The style of play associated with these players was a defensive mindset and blocking shots was a huge part of the 2012 Rangers’ identity. The Rangers would spend long stretches of time absorbing pressure while still winning hockey games. With the addition of another super star in the form of Nash and the dumping of some of these role players, it appears last year’s holdovers have struggled to adapt to a more offense-oriented team. Calls for Tortorella’s head have grown louder as critics have slammed his unwillingness to adjust the star studded lineup to a more offensively-minded machine.

But therein lays another crucial issue for the Rangers. Whether or not Tortorella conforms to the tools at his disposal, two of his most talented— and highly paid— stars have struggled to produce. Brad Richards, a marquee free agent signing two summers ago, and Marian Gaborik, last year’s leading scorer, have both struggled to hit the heights they are capable of.
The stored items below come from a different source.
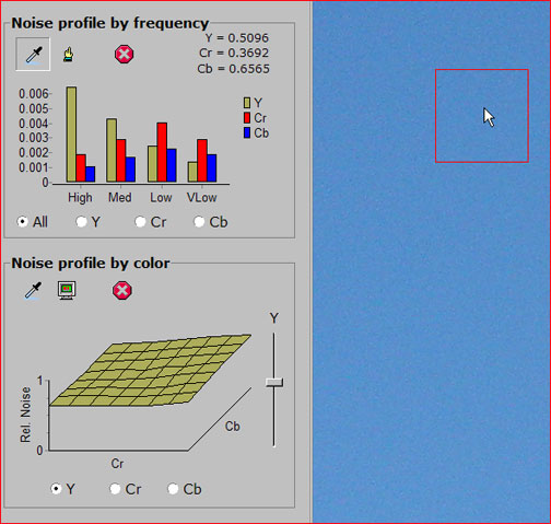 InFigure 4above you see part of the user interface and some of the sky in the ISO 400 image. To process this image you select the eyedropper tool from theNoise Profile by Frequencybox and click on an area which contains noise but no detail. The bar graph shows an analysis of the noise, but this need not concern you. The next step is to choose the eyedropper tool from theNoise profile by colorbox and click on several areas of different colour that display noise but no detail.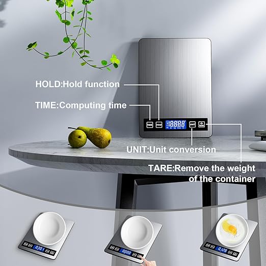 - 【EASY TARE / ZERO 】 Convenient tare button for tare calculation allows you to subtract the weight of plate or container, making it easy to achieve accurate readouts of ingredients.
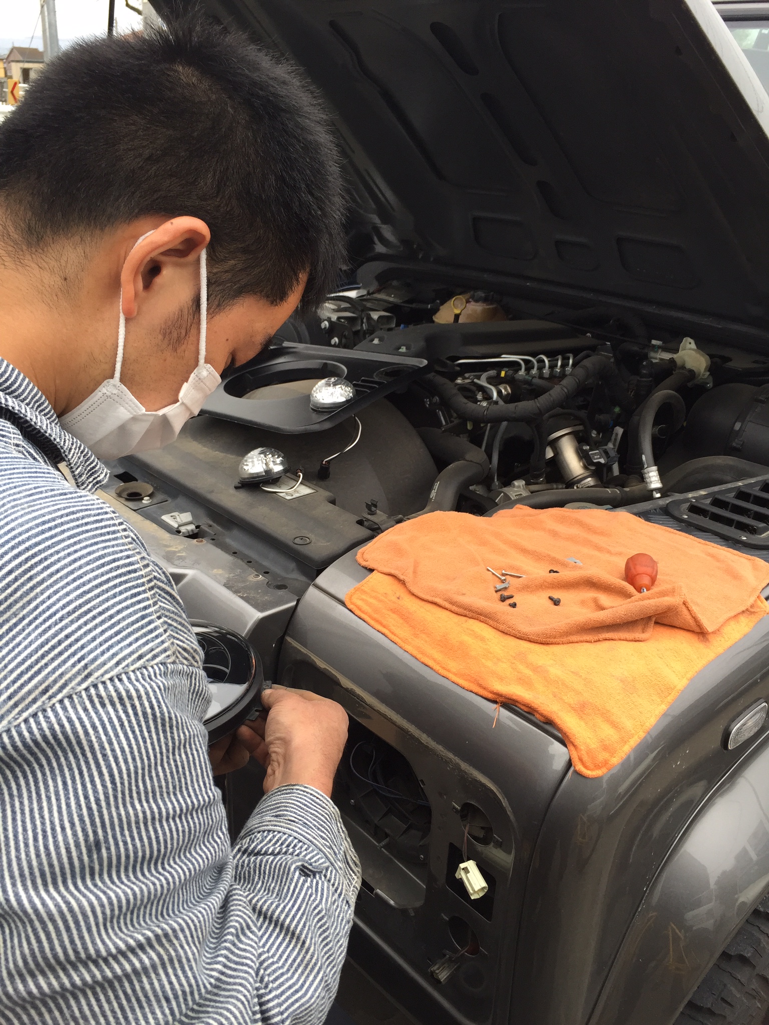 先日、ディフェンダーのユーザー様へJWスピーカーLED取り付けを行いました。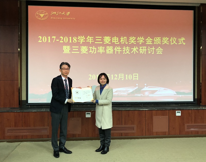 2018年12月10日,beat365平台唯一官网三菱电机奖学金颁奖仪式暨三菱功率器件技术研讨会在玉泉校区邵科馆211隆重举行。三菱电机半导体大中国区总经理楠真一、三菱电机功率器件制造所高级总工程师近藤晴房、三菱电机半导体大中国区技术总监宋高升、三菱电机半导体大中国区应用技术高级经理何洪涛等代表设奖单位出席。beat365平台唯一官网党委副书记张晓洁,beat365平台唯一官网UIUC联合学院副院长马皓,beat365平台唯一官网应用电子学系党支部书记杜丽、电力电子技术研究所副所长陈敏等参加了 此次颁奖仪式。颁奖仪式由beat365平台唯一官网应用电子学系主任张军明主持。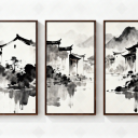 新中式中式水墨画 禅意水墨壁画 徽派建筑 徽派建筑装饰画 山水楼阁画 徽派码头墙
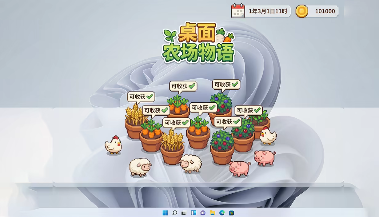 • Desktop interaction easter eggs: Farm animals will "scurry" to the desktop edge to nudge your mouse; ripe crops pop up cute alerts. No more boring desktops!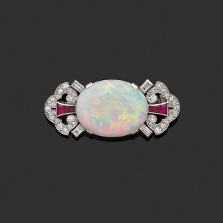 Broche en platine (850‰) centrée d'un important cabochon d'opale ...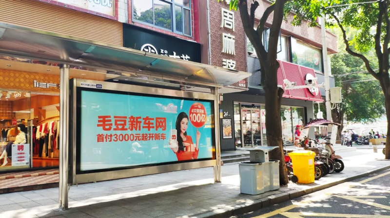 年輕一代有購(gòu)車(chē)需求的受眾們,每日都能在城市出行中必定要長(zhǎng)時(shí)間停靠的候車(chē)亭中,通過(guò)大面積的畫(huà)面刺激及重復(fù)接觸,將毛豆新車(chē)網(wǎng)品牌植入人心。

Richards, a playmaking center whose subtlety and poise on the puck have devolved into slowness and poor decision making, has become a lightning rod for Rangers’ fans. Richard’s tendency to give away the puck is being met with increasingly boisterous howls of frustration and derision from the Garden faithful. The fact that he is signed to a mega-contract through 2020 certainly does not help his case.

Gaborik is a pure goal scorer, but his recent form has seen him disappear and stay on the fringes of games. Gaborik led the team with 41 goals last year but faded in the playoffs. His downturn coincided with a shoulder injury that required surgery over the summer.

Both Gaborik and Richards are elite players in the NHL. Gaborik has scored over 40 goals three times in his career and is still capable of producing goals at a high rate. Richards is also a highly-skilled playmaker who appears to have lost his way. If both men can rediscover what made them such superstars, then it would absolutely turn around this team.

A rash of injuries to key players throughout the year has prevented the Rangers from discovering exactly who they are this year. The team now only misses defenseman Marc Staal and has shown flashes of what an elite team they can be. Gaborik and Richards have shown signs of revival. The Rangers rank fifth in goals conceded and 27th in goals scored. For a team with so much firepower, and such a solid defense on which to build, this is not good enough and certainly not up to the standards of a contender. Because of the struggling stars, the Rangers power play has been inept, and their five-on-five play has not produced goals.

The Rangers can still make noise in these playoffs. There is simply too much firepower on this team, and they have too good of a defense, to suffer so ignominious from grace. It is in the revivals of these two players, Gaborik and Richards, on which the Rangers’ chance of a Cup rests. While hope fades with each loss, a team this talented is apt to light up at any time. First, they need to make the playoffs.